### BRIEF
In the records below, find the line containing "Next, head to" and the line containing "Liczba niezerowych adresów"; please repeat exactly the lines from one to the other, both included, and nothing more.
--- INPUT ---
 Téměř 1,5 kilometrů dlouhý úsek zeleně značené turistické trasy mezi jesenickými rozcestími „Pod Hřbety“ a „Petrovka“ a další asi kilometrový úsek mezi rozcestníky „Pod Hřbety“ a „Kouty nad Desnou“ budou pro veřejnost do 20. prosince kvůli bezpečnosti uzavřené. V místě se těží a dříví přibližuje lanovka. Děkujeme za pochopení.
---
--- INPUT ---
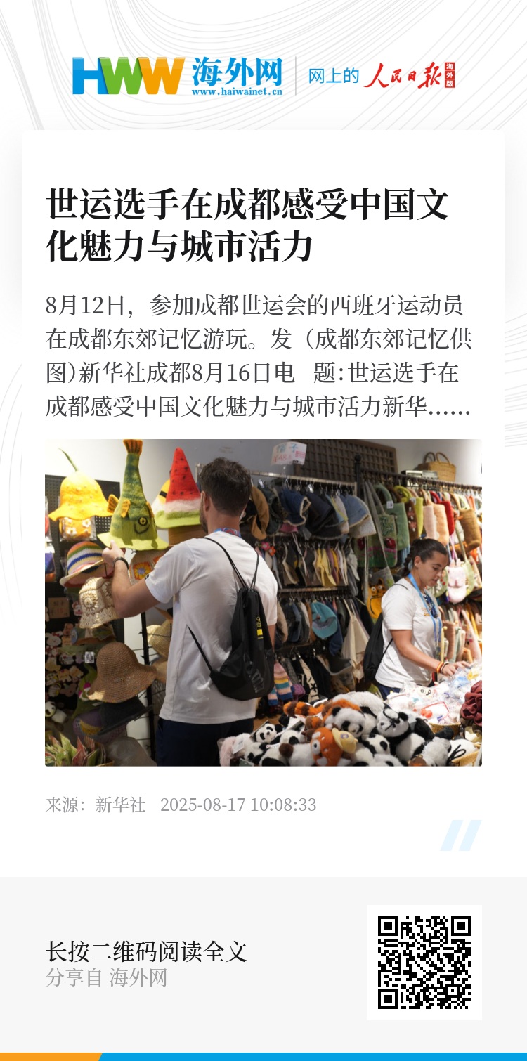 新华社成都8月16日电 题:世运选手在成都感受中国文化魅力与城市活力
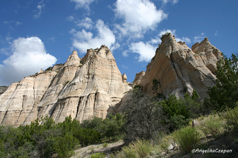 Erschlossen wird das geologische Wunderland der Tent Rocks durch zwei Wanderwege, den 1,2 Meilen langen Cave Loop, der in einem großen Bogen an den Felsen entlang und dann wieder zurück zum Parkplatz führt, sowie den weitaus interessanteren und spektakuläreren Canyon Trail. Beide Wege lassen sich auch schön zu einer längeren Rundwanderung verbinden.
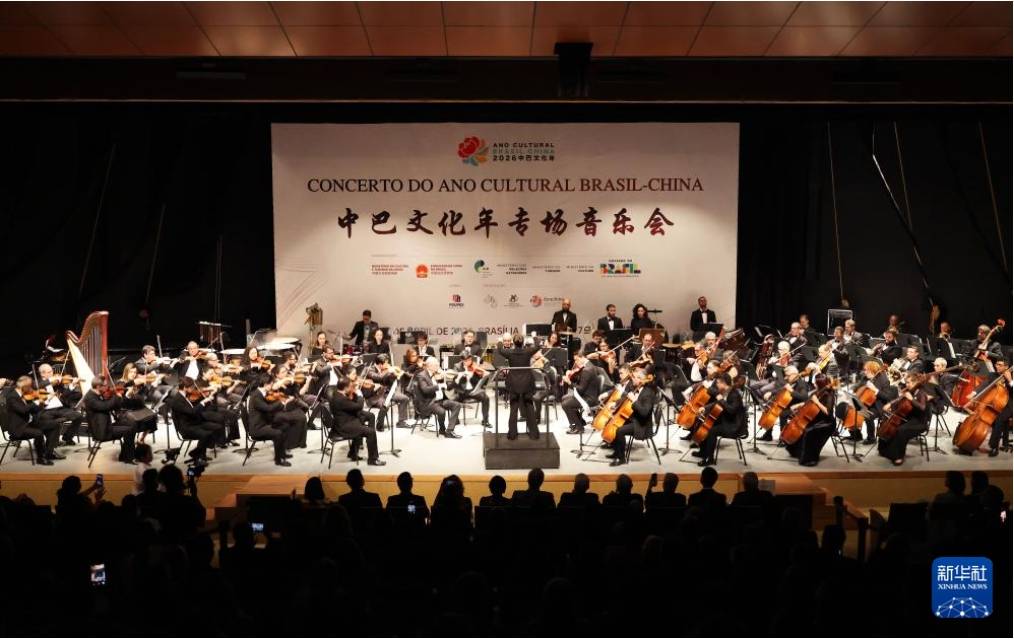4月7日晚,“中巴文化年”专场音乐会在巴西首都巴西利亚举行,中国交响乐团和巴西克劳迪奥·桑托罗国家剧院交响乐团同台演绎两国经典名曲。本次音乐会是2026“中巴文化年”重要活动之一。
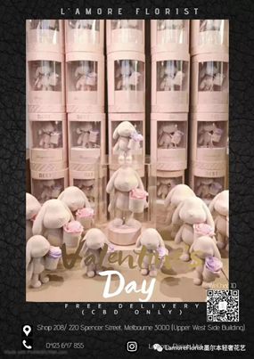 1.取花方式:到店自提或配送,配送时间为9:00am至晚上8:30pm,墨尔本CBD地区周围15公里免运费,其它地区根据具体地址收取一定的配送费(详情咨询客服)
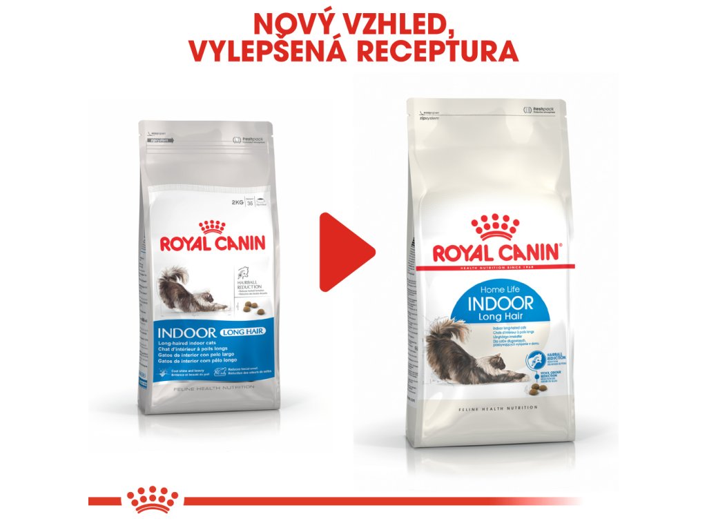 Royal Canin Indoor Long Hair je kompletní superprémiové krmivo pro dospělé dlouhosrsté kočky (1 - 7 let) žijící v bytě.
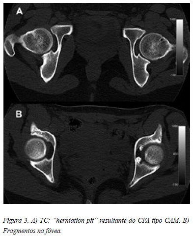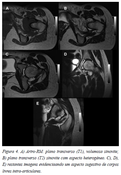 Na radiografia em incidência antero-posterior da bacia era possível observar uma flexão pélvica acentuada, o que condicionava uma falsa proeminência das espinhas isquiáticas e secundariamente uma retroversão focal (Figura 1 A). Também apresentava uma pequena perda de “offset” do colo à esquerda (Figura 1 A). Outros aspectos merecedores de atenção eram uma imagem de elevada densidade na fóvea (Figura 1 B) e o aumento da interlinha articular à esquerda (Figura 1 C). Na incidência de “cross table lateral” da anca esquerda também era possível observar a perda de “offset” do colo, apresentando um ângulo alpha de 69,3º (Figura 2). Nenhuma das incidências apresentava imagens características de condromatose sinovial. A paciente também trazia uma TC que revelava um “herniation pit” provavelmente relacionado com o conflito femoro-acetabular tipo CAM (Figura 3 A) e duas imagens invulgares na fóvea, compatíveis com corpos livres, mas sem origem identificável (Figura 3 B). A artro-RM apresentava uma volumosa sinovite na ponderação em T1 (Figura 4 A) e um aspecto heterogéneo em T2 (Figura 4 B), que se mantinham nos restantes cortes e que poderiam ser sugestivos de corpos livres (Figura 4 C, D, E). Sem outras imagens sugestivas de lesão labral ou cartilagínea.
---
--- INPUT ---
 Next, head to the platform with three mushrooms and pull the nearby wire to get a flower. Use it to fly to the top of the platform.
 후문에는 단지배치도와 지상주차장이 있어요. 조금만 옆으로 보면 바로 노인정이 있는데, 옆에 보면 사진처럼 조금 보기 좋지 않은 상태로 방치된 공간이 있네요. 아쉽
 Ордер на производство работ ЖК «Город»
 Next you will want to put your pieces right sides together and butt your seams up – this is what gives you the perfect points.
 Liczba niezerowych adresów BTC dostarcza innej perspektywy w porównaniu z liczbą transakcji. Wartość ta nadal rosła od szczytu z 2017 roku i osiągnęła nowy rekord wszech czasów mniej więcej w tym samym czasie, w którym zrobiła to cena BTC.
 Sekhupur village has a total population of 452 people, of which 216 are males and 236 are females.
---
### ANSWER SPACE
 Next, head to the platform with three mushrooms and pull the nearby wire to get a flower. Use it to fly to the top of the platform.
 후문에는 단지배치도와 지상주차장이 있어요. 조금만 옆으로 보면 바로 노인정이 있는데, 옆에 보면 사진처럼 조금 보기 좋지 않은 상태로 방치된 공간이 있네요. 아쉽
 Ордер на производство работ ЖК «Город»
 Next you will want to put your pieces right sides together and butt your seams up – this is what gives you the perfect points.
 Liczba niezerowych adresów BTC dostarcza innej perspektywy w porównaniu z liczbą transakcji. Wartość ta nadal rosła od szczytu z 2017 roku i osiągnęła nowy rekord wszech czasów mniej więcej w tym samym czasie, w którym zrobiła to cena BTC.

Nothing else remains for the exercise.